See basic to advanced

If the data in statistical data analysis is multiple in numbers, then several multivariates can be performed. These are factor statistical data analysis, discriminant statistical data analysis, etc. Similarly, if the data is singular in number, then the univariate statistical data analysis is performed. This includes t test for significance, z test, f test, ANOVA one way, etc.

The data in statistical data analysis is basically of 2 types, namely, continuous data and discreet data. The continuous data is the one that cannot be counted. For example, intensity of a light can be measured but cannot be counted. The discreet data is the one that can be counted. For example, the number of bulbs can be counted.

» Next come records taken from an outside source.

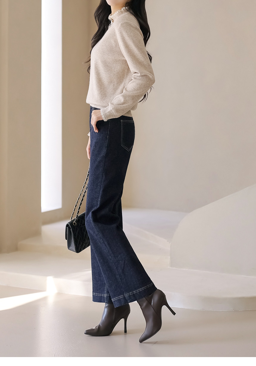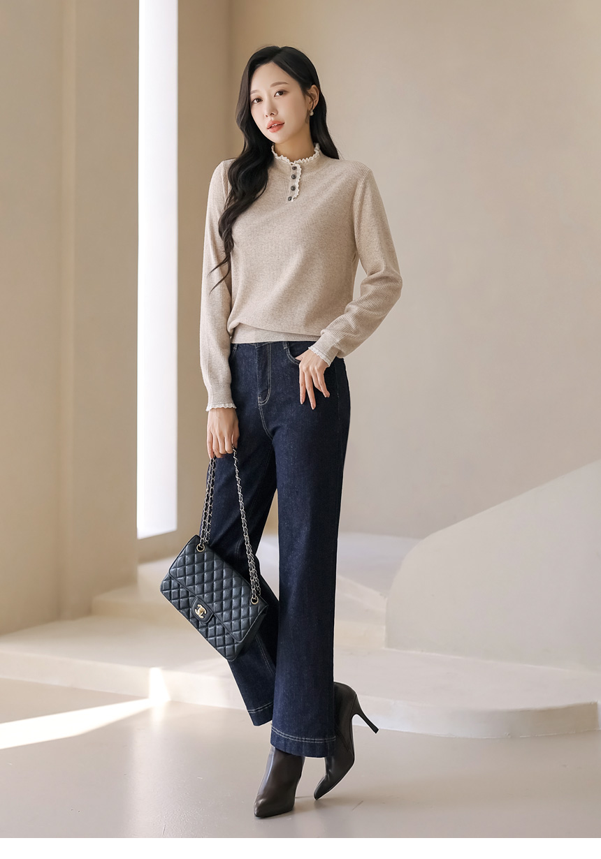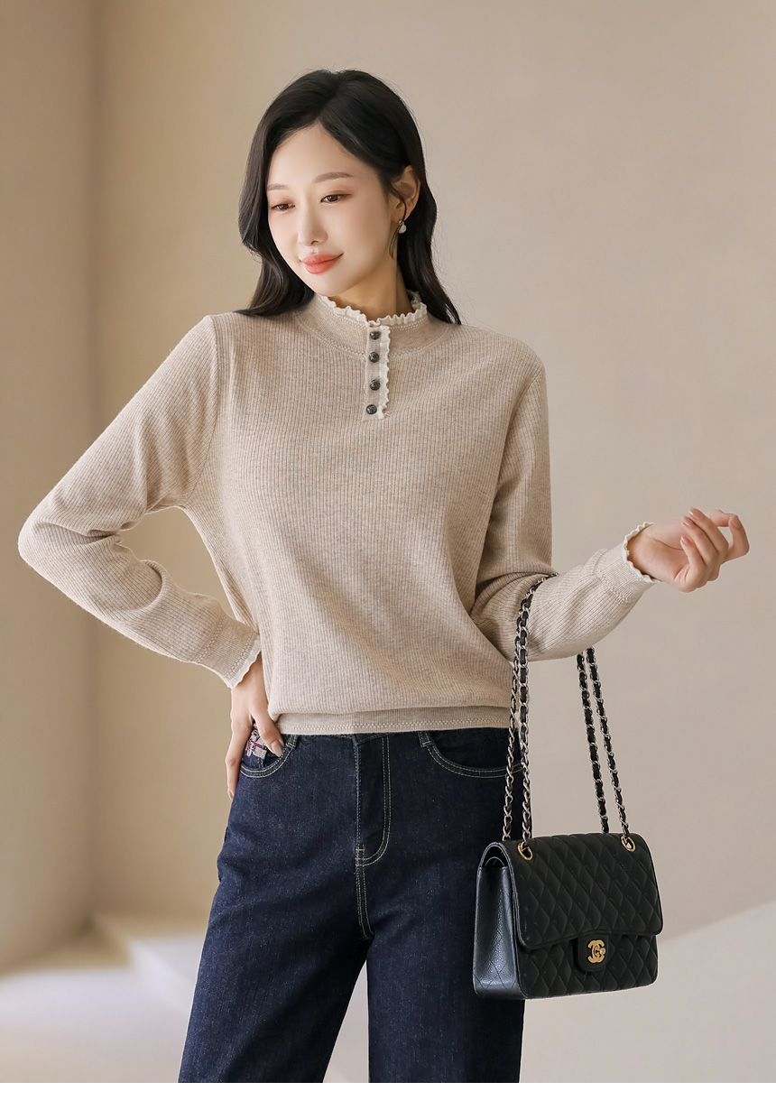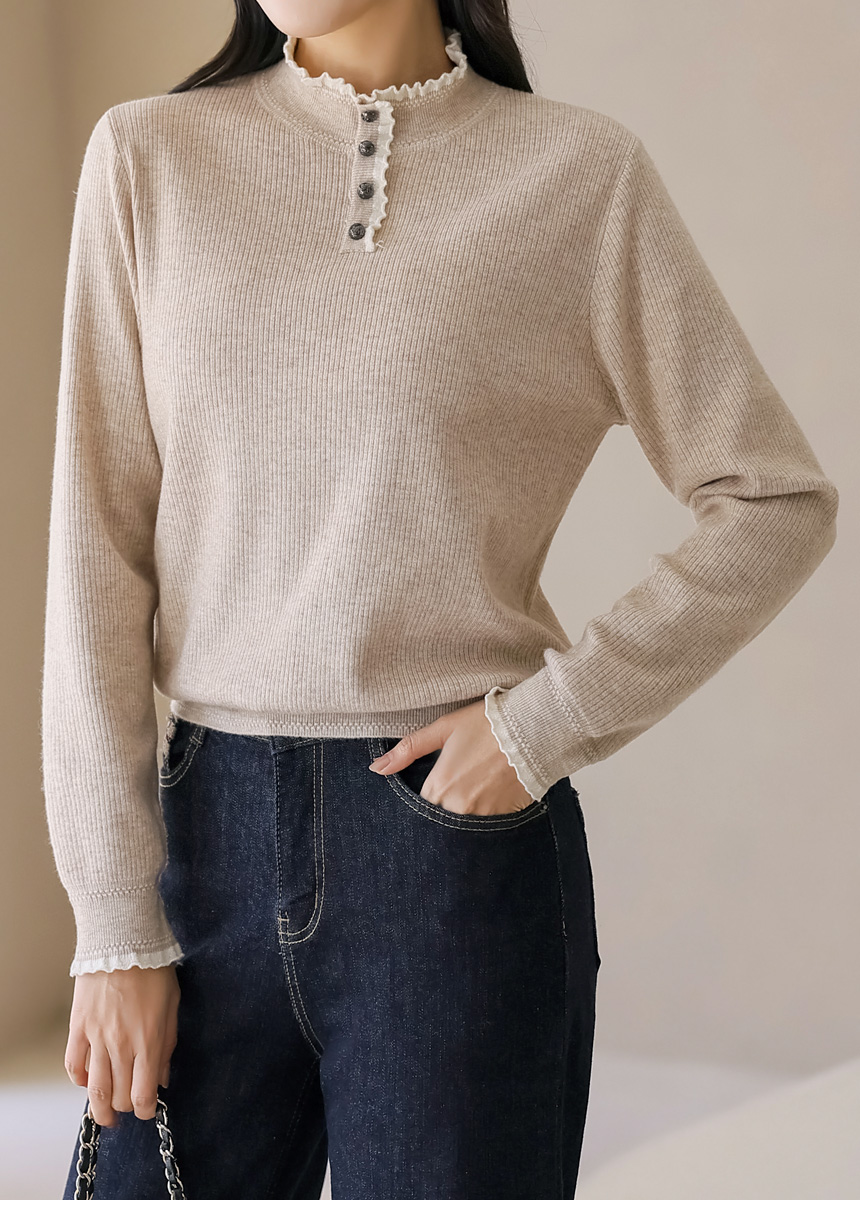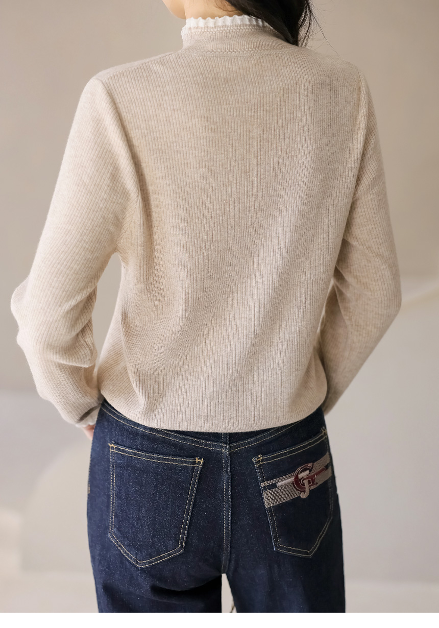 [A cozy ribbed knit with delicate ruffle trim and decorative buttons, offering a sweet polished touch that pairs effortlessly with denim, skirts or layered looks.]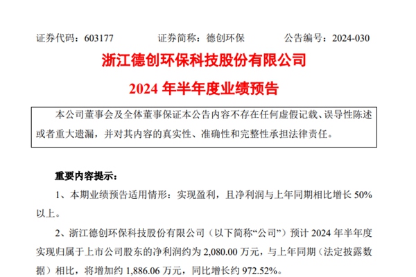 浙江德创环保科技股份有限公司(以下简称“公司”)预计 2024 年半年度实现归属于上市公司股东的净利润约为 2,080.00 万元,与上年同期(法定披露数据)相比,将增加约 1,886.06 万元,同比增长约 972.52%。 公司预计 2024 年半年度实现归属于上市公司股东的扣除非经常性损益的净利润约为 ...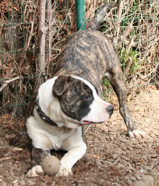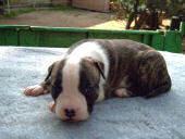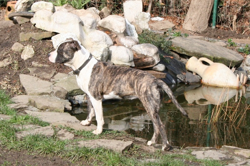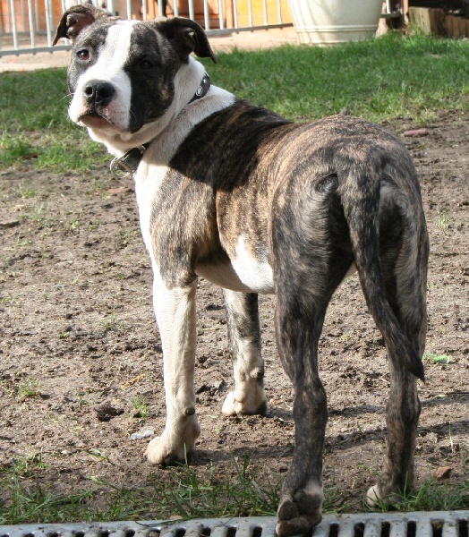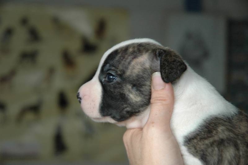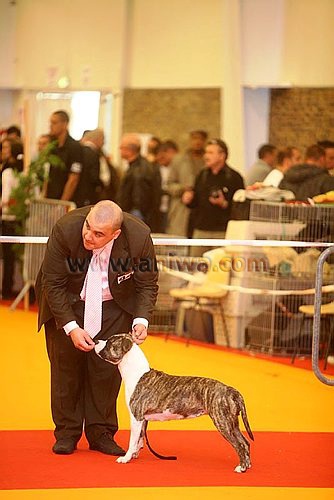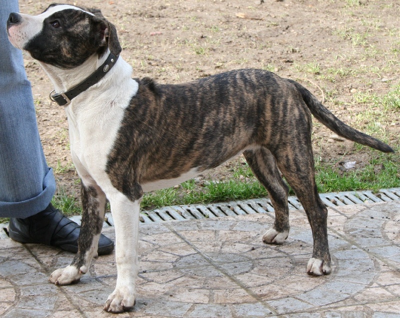 Femelle de 15 mois Bringé et blanc, exc expression et Féminine, exc oeil et oreille, exc ligne de dos, exc attache queue,Pas encore eclaté exc pieds et ossatures, manque un peu d'angulations, exc marche av et arr.Merci encore à Alain de l'avoir presenté comme un chef!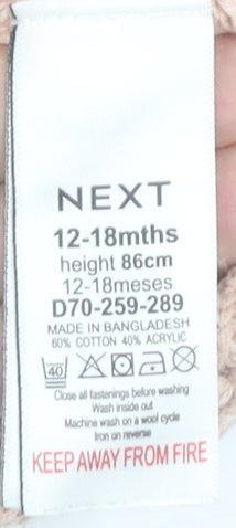 This charming NEXT girls’ babygrow in soft pink is a perfect choice for your little one’s wardrobe, blending both comfort and style. Designed in a cosy knit fabric, this one-piece features a delicate textured pattern throughout, offering a classic and timeless look. Styled with long sleeves and a round neckline, it ensures your baby stays warm and comfortable, particularly throughout the autumn, winter, and spring months. The babygrow is beautifully accented with ruffle details along the shoulders and three adorable bow embellishments at the chest, creating a sweet, feminine touch. Made from a high-quality blend of 60% cotton and 40% acrylic, this outfit provides softness while maintaining durability and easy care. Lightweight enough for layering but warm enough to wear on its own, it is ideal for casual everyday wear or special occasions where your little girl needs to look her best. A button fastening at the back makes dressing and undressing simple, while the all-seasons design ensures this item offers year-round versatility. Machine washable for added convenience, it fits busy parents’ lifestyles perfectly without compromising style.Sized for 12-18 months and designed with comfort in mind, this NEXT babygrow is perfect for playtime, family outings, or cosy days indoors. Its excellent pre-loved condition ensures it still has plenty of life left, with no stains, tears, or visible signs of wear. Though it doesn’t include original sales tags, it remains a wonderful, affordable option compared to buying brand new.Whether you’re searching for a practical day-to-day option or a special outfit for photographs and gatherings, this babygrow offers the perfect solution. Both functional and fashionable, it will quickly become a much-loved piece in any little girl’s wardrobe. Don’t miss this opportunity to pick up a high-quality NEXT garment at a great value.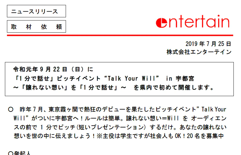 掲載依頼を書いた文章と、イベントの趣旨を書いた添付資料を印刷して下野新聞の本社へ伺い…窓口へ渡すだけです。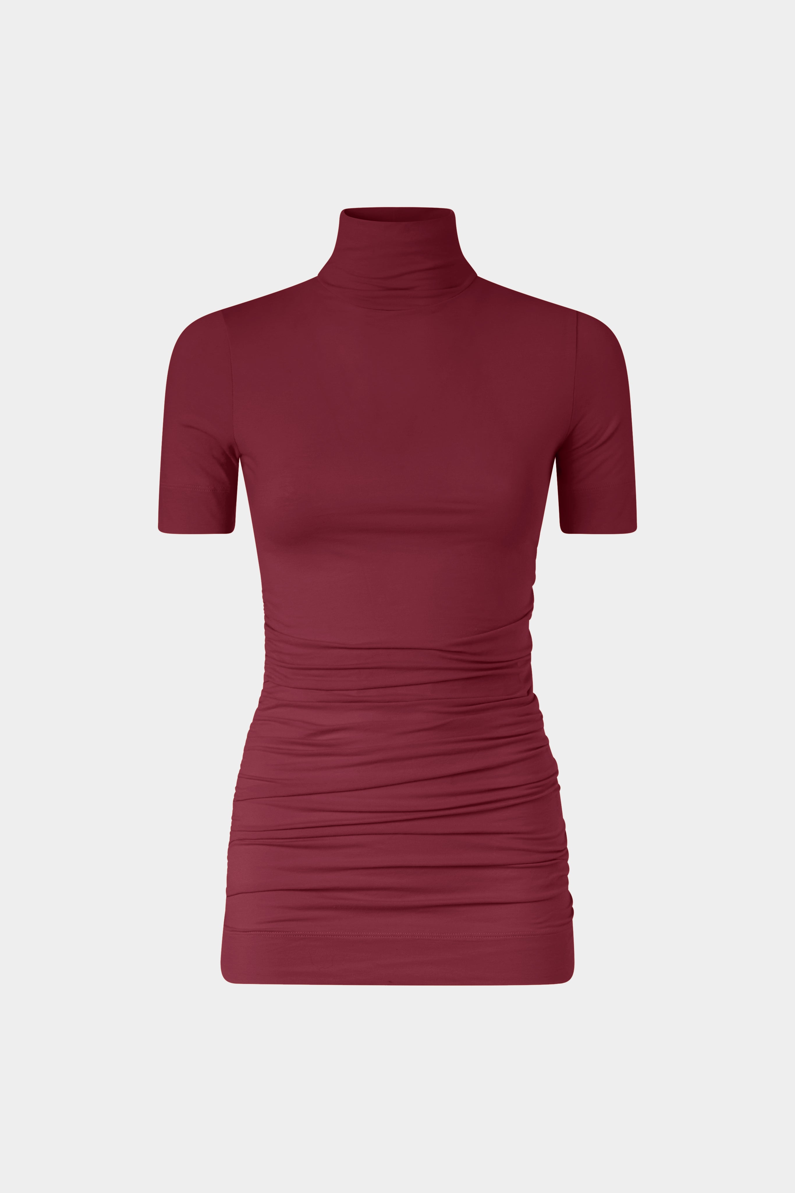 Fitted short-sleeve top with a turtleneck, crafted from soft bordeaux jersey.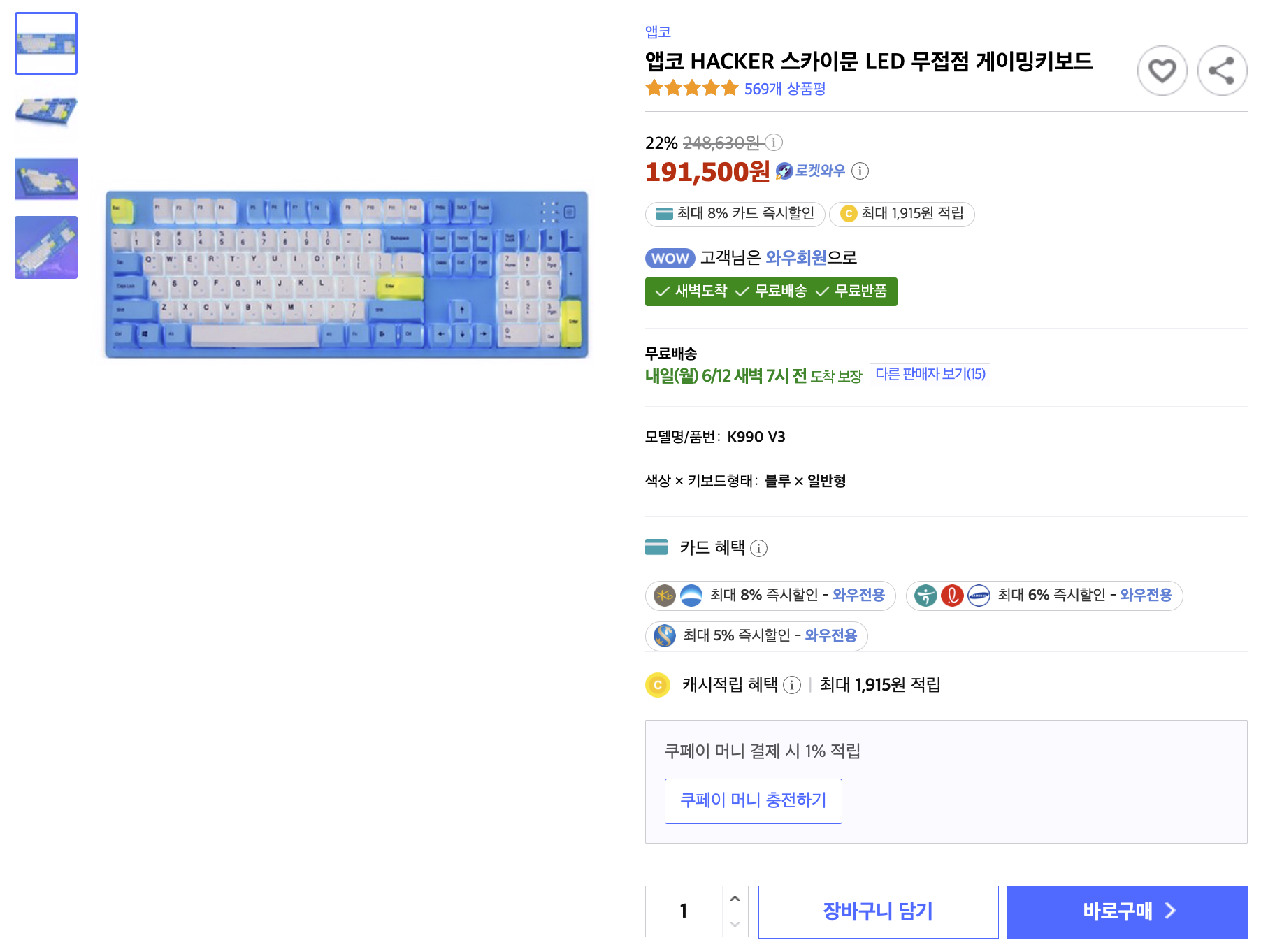 후속 키보드로 현재 K990 V3, K995P V3 같은 제품들이 보이네요. 가격이 20만 원 정도로 꽤 비싸네요.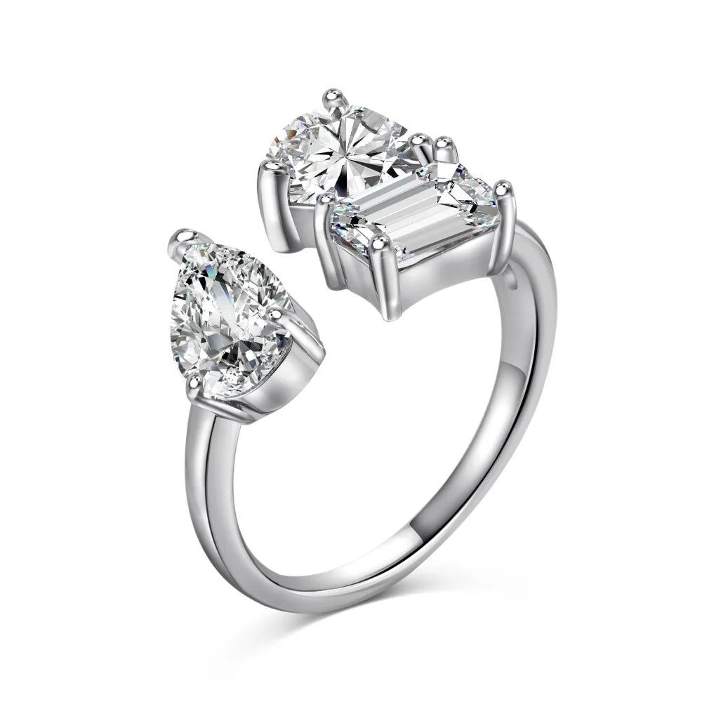 Aetolia Hot Sale 925 Silver Cubic Zirconia Irregular Heart Pear Shape Ring Open Adjustable Engagement Zirconia Rings For Women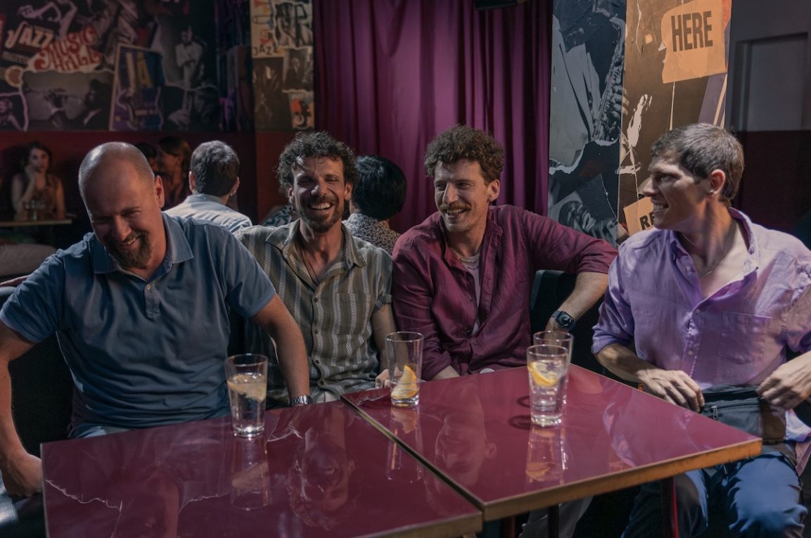 Pietro Sermonti (Luigi), Francesco Montanari (Riccardo), Maurizio Lastrico (Mattia), e Matteo Martari (Massimo) in ‘Maschi veri’. Foto: Netflix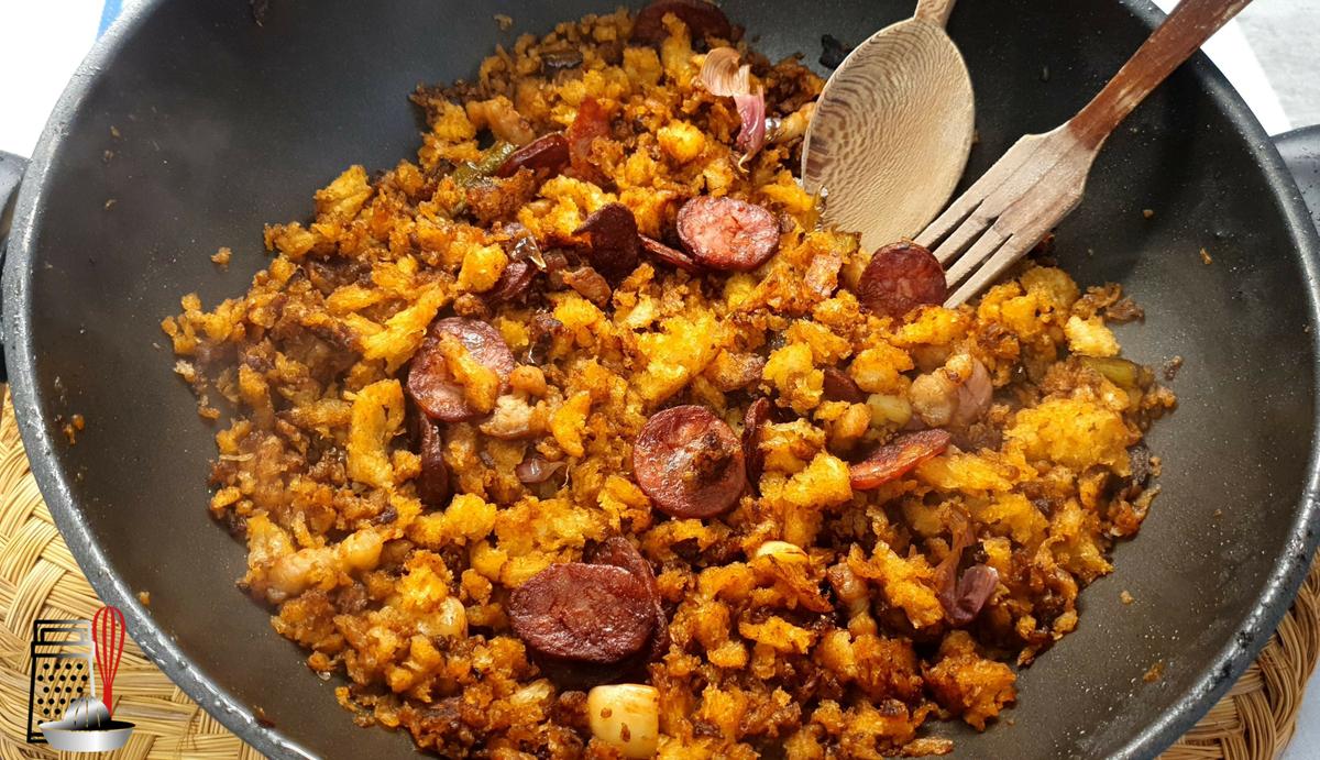 Se van dando vueltas y vueltas a las migas a fuego medio hasta que estén completamente secas. Se prueban de sal a medio hacer y si hace falta se le añade un poquito.
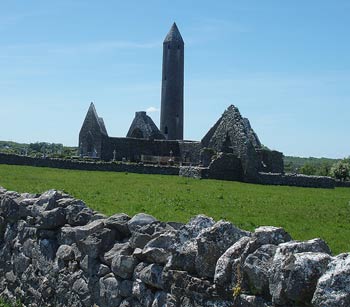 auf irgend eine Art und Weise strahlt sie eine unbeschreibliche Friedlichkeit aus. Jedenfalls auf mich! Die alte und bereits verwitterte Klosteranlage mit ihrem raketenartigen Rundturm kann man schon von Weitem erkennen. Vorbei an ein paar Dolmen und einem steinigen Ringfort nähern wir uns wieder dem Meer und befahren anschlie ßend eine traumhaft schöne Küstenstraße. Eine Brandung

The continuous data in statistical data analysis is distributed under continuous distribution function, which can also be called the probability density function, or simply pdf.

The discreet data in statistical data analysis is distributed under discreet distribution function, which can also be called the probability mass function or simple pmf.

We use the word ‘density’ in continuous data of statistical data analysis because density cannot be counted, but can be measured. We use the word ‘mass’ in discreet data of statistical data analysis because mass cannot be counted.

There are various pdf’s and pmf’s in statistical data analysis. For example, Poisson distribution is the commonly known pmf, and normal distribution is the commonly known pdf.

These distributions in statistical data analysis help us to understand which data falls under which distribution. If the data is about the intensity of a bulb, then the data would be falling in Poisson distribution.

There is a major task in statistical data analysis, which comprises of statistical inference. The statistical inference is mainly comprised of two parts: estimation and tests of hypothesis.

Estimation in statistical data analysis mainly involves parametric data—the data that consists of parameters. On the other hand, tests of hypothesis in statistical data analysis mainly involve non parametric data— the data that consists of no parameters.